Internationale Gartenausstellung soll den Strukturwandel im Rheinischen Revier begleiten
Die Deutsche Bundesgartenschau-Gesellschaft (DBG) hat die Bewerbung des Zweckverbands LANDFOLGE Garzweiler für die Internationale Gartenausstellung 2037 angenommen. Die Entscheidung fiel einstimmig auf Empfehlung des Verwaltungsrates.
Voraussetzung für die endgültige Vergabe bleibt der Abschluss des Durchführungsvertrags. Grundlage der Entscheidung waren eine Machbarkeitsstudie sowie eine Bereisung der Region durch die DBG-Kommission Anfang Dezember.
„Auf Empfehlung des Verwaltungsrates stimmt die Gesellschafterversammlung der DBG zu, die Internationale Gartenausstellung 2037 an den Zweckverband LANDFOLGE Garzweiler zu vergeben“, sagt Hajo Hinrichs, Vorsitzender der Gesellschafterversammlung der Deutschen Bundesgartenschau-Gesellschaft.
Strukturwandel im Rheinischen Revier
Die IGA 2037 soll als Entwicklungsprojekt den Strukturwandel im Rheinischen Revier begleiten. Im Mittelpunkt steht die Umgestaltung der ehemaligen Tagebauflächen rund um Garzweiler.
Das Konzept setzt auf eine dezentrale Gartenausstellung mit mehreren Standorten in der Region. Zentrales Element ist der entstehende See im Tagebaugebiet, dessen Befüllung ab 2036 beginnen soll.

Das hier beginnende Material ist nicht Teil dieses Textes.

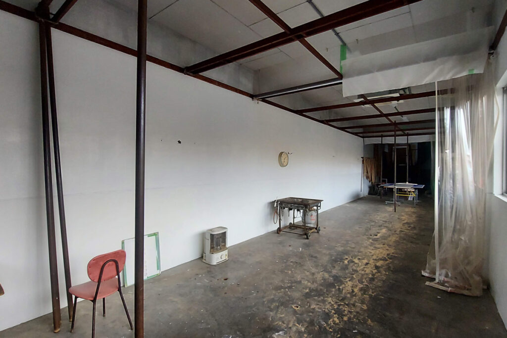 広い染物工場を展覧会会場としても使えるよう、白で壁を塗装し、ライトと大型プロジェクターを導入しました。展覧会会場として週末や連休中にお使いいただけます。
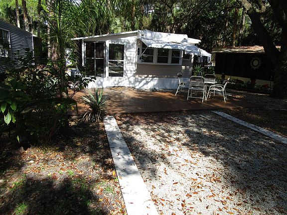 This cute turn-key home is the perfect location for you to spend your winters! It was renovated approximately 3 years ago which includes the following upgrades: new roof-over; new stove; new fuel lines to stove; new refrigerator; new bed; installed new front deck and repaired back deck; new clothes washer. Truly Nolen has been contracted to insure no bugs. This is a must see! Rambler's Rest Resort has a heated pool, hot tub, fitness center, library, 3 club houses, 100 monthly activities, and is located right on the Myakka River complete with private boat ramp and storage facilities for our residents and their boats and all their other grown up toys! This is the best of both worlds folks! We're located on the Myakka River and the beach is only 10 miles away! As a matter of fact, you can get to the beach either by boat on the Myakka or drive there!!

„Die Internationale Gartenausstellung bringt positive Impulse in eine Region, die sich nach vielen Jahrzehnten des Braunkohle-Tagebaus wieder neu erfinden muss. Was Regionalentwicklung angeht, ist sie ein Leuchtturmprojekt mit internationaler Ausstrahlung“, erklärt DBG-Geschäftsführer Dr. Achim Schloemer.
Interkommunale Zusammenarbeit als Grundlage
Die Bewerbung wurde vom Zweckverband gemeinsam mit den Städten Mönchengladbach, Grevenbroich, Erkelenz und Jüchen sowie der Gemeinde Titz erarbeitet. Bereits 2024 hatten alle beteiligten Kommunen der Bewerbung zugestimmt.
Unterstützt wird das Projekt außerdem vom Land Nordrhein-Westfalen, der Region Köln-Bonn e. V. sowie der RWE Power AG.
„Der Zuschlag für die Internationale Gartenausstellung im Jahr 2037 freut uns außerordentlich. Das sind sehr gute Nachrichten für die Menschen in unserer Region“, sagt Harald Zillikens, Verbandsvorsteher des Zweckverbands und Bürgermeister von Jüchen.
Machbarkeitsstudie sieht großes Besucherpotenzial
Die zugrunde liegende Machbarkeitsstudie wurde gemeinsam mit verschiedenen Fachbüros entwickelt. Sie prognostiziert mindestens 1,8 Millionen Besucher für die IGA 2037.
Die Region profitiert dabei von ihrer Lage im Rheinischen Revier und der Nähe zu mehreren Ballungszentren. Innerhalb eines Radius von rund 60 Minuten Fahrzeit leben etwa zwölf Millionen Menschen.
Der 2017 gegründete Zweckverband LANDFOLGE Garzweiler koordiniert Projekte in den Bereichen Landschaftsentwicklung, Infrastruktur, Städtebau und Strukturwandel auf den ehemaligen Tagebauflächen.